When it comes to his music, Glover has released four studio albums, including his most recent, 3.15.20. He’s had plenty of hits, including the 2016 single “Redbone”, but his most famous track is undoubtedly “This Is America”, which debuted at No. 1 on the Hot 100 and won four Grammy Awards: Record of the Year, Song of the Year, Best Rap/Sung Performance, and Best Music Video.
The critically acclaimed music video for “This Is America” tackled all-American subjects like racism and gun violence, simultaneously using earnest, in-your-face symbolism and hard-hitting irony. The video became a viral hit—at the time of this writing, it has over 760 million views on Youtube.
Originally from Cleveland, Ohio, but raised in Harlem, New York, Charles Hamilton was exposed to music early and often by his mother, an entertainment journalist. He listened to all types of music as a child and taught himself to play multiple musical instruments before the age of 18.
When it comes to rap, Hamilton also started early—engaging in freestyle rap battles. In 2008 he released his first mixtape, Outside Looking, and was quickly signed to Interscope Records.
Hamilton is praised for his complex rhythms and rhyme schemes, his tendency to carry concepts over multiple albums, and his vulnerable story-telling lyrics that address depression, hope, drugs, social injustice, religion, and Sega. His 8-part mixtape series, The Hamiltonization Process, was lauded by critics not only for its content, but for its ambition: along with collaborator DJ Skee, Hamilton dropped a mixtape every two weeks, proving his productivity in the recording studio.

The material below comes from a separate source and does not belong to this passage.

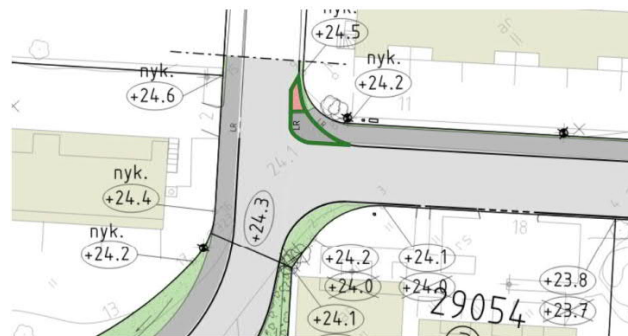
Kuvankäsittellyllä muokattu suunnitelma: näin jalankulkijan ylitysmatka olisi nykyistä lyhyempi.

Kun Orapihlajatien ja Orapihlajakujan risteysaluetta verrataan muihin asuntokatuja risteyskohtiin, joita nähtävillä olevissa Etelä-Haagan katusuunnitelmissa esitetään, voidaan todeta Orapihlajakujan liittymässä olevan avarat kaarteet, jotka mahdollistavat verrattain suuria nopeuksia. Lisäksi Orapihlajatien suuntaisesti kävelevä jalankulkija ylittää Orapihlajakujan kohdassa, jossa ei ole suojatietä. Jalankulkijan tienylytyskohdassa ajorataa tulisi kaventaa (kuva), jotta kadun ylittäminen olisi sujuvaa ja turvallisen tuntuista. Orapihlajakujan haaran kaarresäteen tulee olla pieni, sillä kaakosta koilliseen kääntyvän ajoneuvoliikenteen täytyy väistää Orapihlajakujaa ylittäviä jalankulkijoita, mikä perustelee kääntyvien autoilijoiden nopeuksien hillintää tiukalla risteysgeometrialla.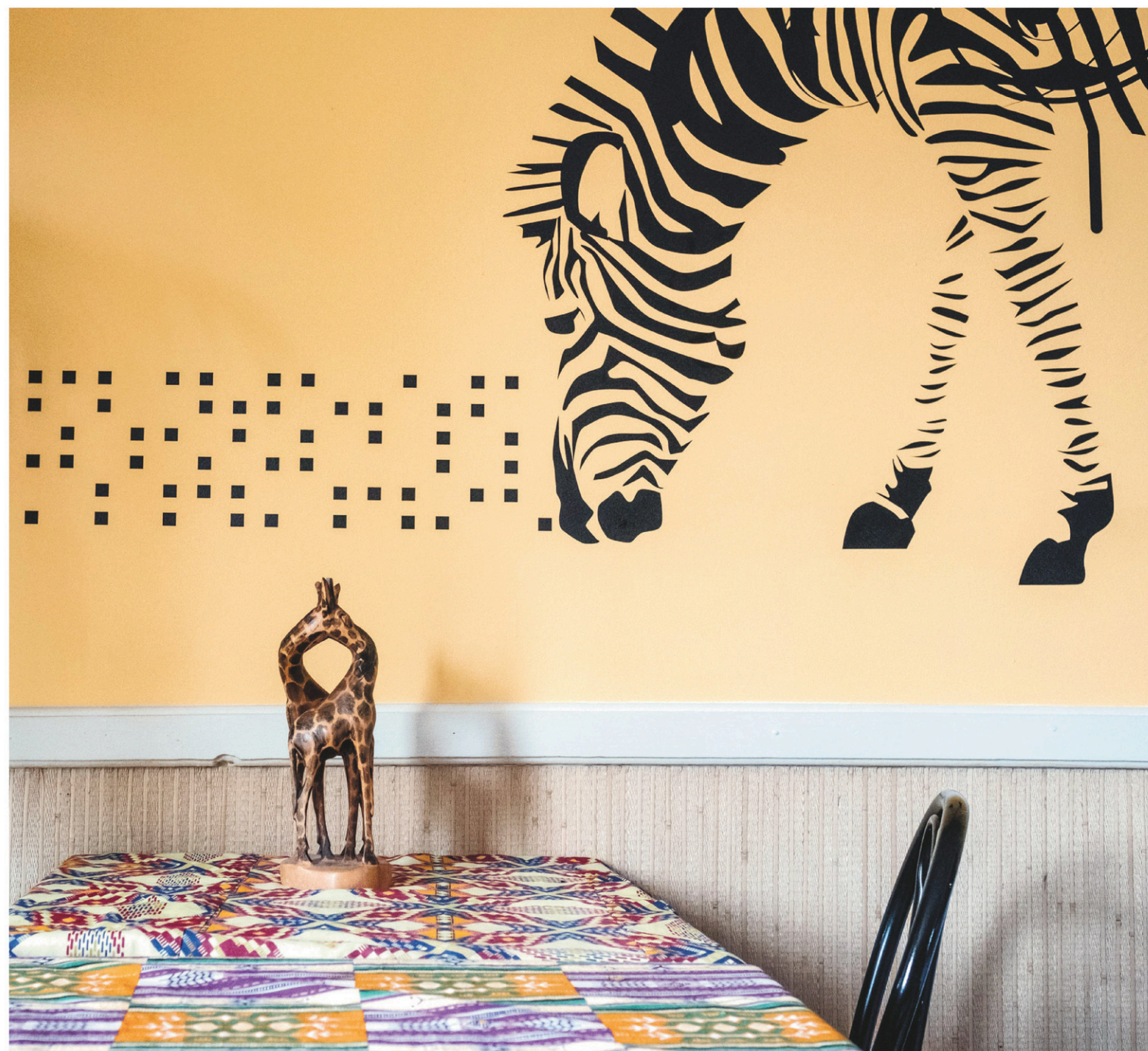
Le petit local de La Calebasse est décoré simplement. Un zèbre géant est peint au mur tandis qu'un écran diffuse en sourdine des vidéoclips d'artistes africains et caribéens.

Les plus: la possibilité de découvrir, pour un prix très abordable, des ingrédients et des mets qui nous font sortir un peu de notre ordinaire occidental. Mais assurez-vous d'avoir du temps. Beaucoup de temps.

The Harlem rapper is also open about having been diagnosed with bipolar disorder, normalizing the discussion of mental health in the rap community. After a series of self-destructive decisions, Hamilton spiraled out of control and was dropped from his label, but through psychiatric treatment and the support of his friends and family was able to return to his music career.
Most recently, Hamilton released a couple of collaboration albums: Black in NY, with Super Helpful Kwame; and Timeless, with Enjetic. He hasn’t released a solo album since 2016, but his recent collabs may be a sign that the rapper will be back in the studio again soon.
Hipster hop gets a bad rap (pun intended), but ultimately, it’s just another branch of the constantly growing tree that is rap music. When rap was starting out, it took years for the genre to gain traction as a viable music category—let alone an art form. Today, rappers frequently top the pop music charts, proving the staying power of a genre that a few decades ago was barely considered music by the greater industry.
As rap continues to evolve, it will undoubtedly go through phases of change and growth, but that’s how music works. Today’s folk is inspired by yesterday’s rock and roll, which is inspired by the blues, which is inspired by spirituals. It’s all music, and it’s all human—if music goes through changes, that’s just because humanity goes through changes.
The development of music in the present doesn’t diminish the work of musicians of the past, and nobody can tell what music will sound like in the future—so we might as well wait until we get there to decide what rap is (or what it isn’t).